“You came,” he whispers, almost as if he doesn’t believe I’m here. As if he thinks I’m a ghost.
I grip the knife tighter in my hand but don’t raise it.
I underestimated how much it would hurt to see him again. How it would feel like getting stabbed in the chest all over again after two weeks apart. And that sick feeling is back. I think I might vomit again.
I stumble to the railing of the balcony, the knife falling from my hand onto the cement floor, my fingers curling along the edge of the balcony, my head hanging off the side.
In an instant, Jeremiah is up out of his seat and his hand is gentle on my back.
And for an instant, I don’t shove him off. For a second, I pretend he’s my big brother again. I pretend he’s the same guy who cleaned my foot. Who told me he loved me. Who had been looking for me for fourteen years.

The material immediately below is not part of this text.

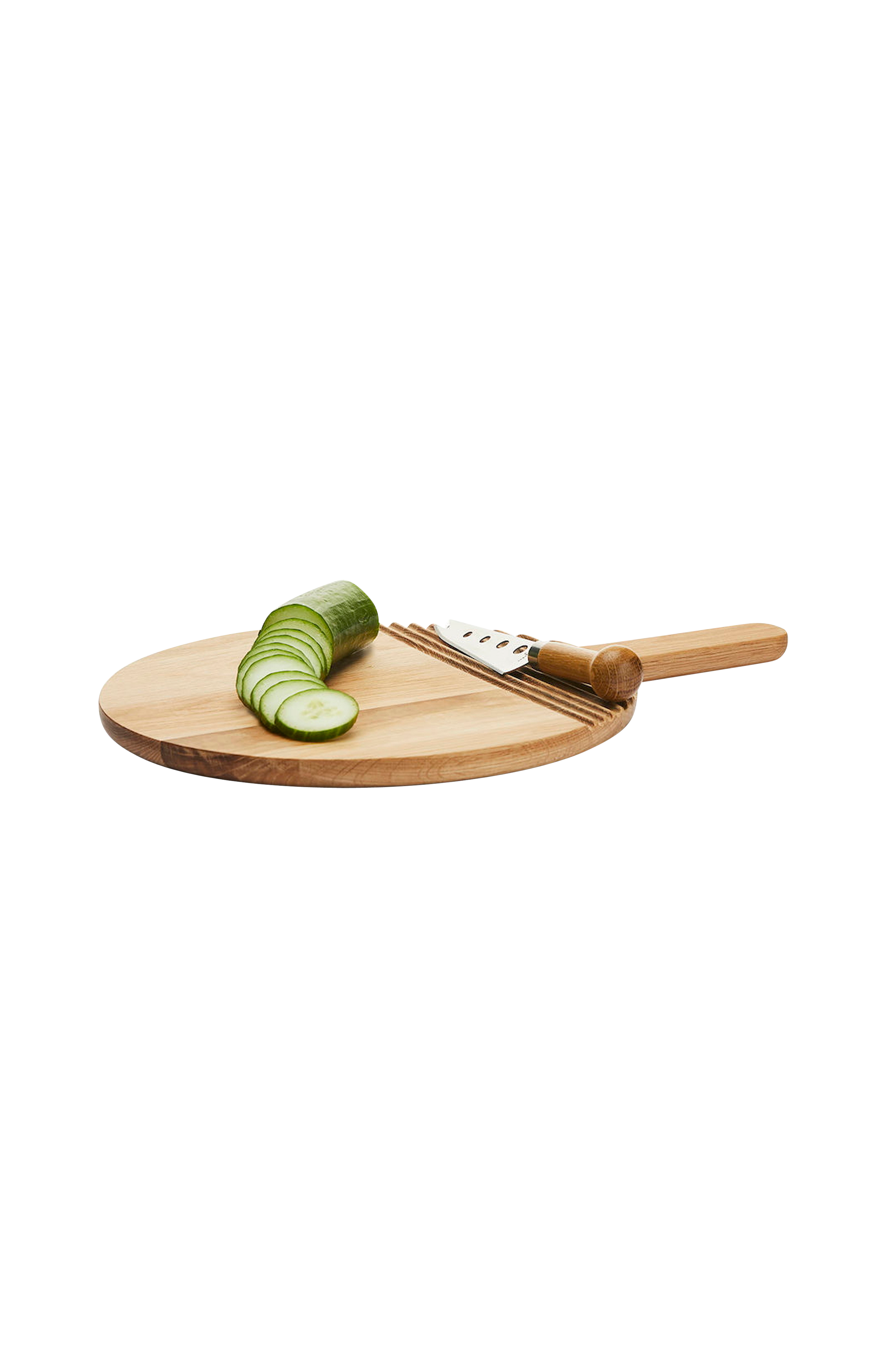 Rund skærebræt i eg med gennemtænkte detaljer. Et gedigent håndtag til servering som ligger godt i hånden. Riller som er en flot detalje og samtidigt holder redskaber på plads, så de ikke glider af for nemt. Mål: 42x30x2 cm.

Who saved me from the devil.
But the second passes.
And so does the moment.
Because that’s all a lie.
I spin around, knocking his hand away from me. He still holds his glass of vodka, and I rip it from his hand and throw it against the wall of the balcony, where it shatters behind him. I see, beyond him, Lucifer stepping into my brother’s room, his blue eyes wide and frantic until they find me.
I regret throwing the glass.
I’m not ready to share my brother’s suffering yet.
But Jeremiah just stands there, staring at me. Blinking. I notice, in the dim light from the balcony, that the whites of his eyes are red.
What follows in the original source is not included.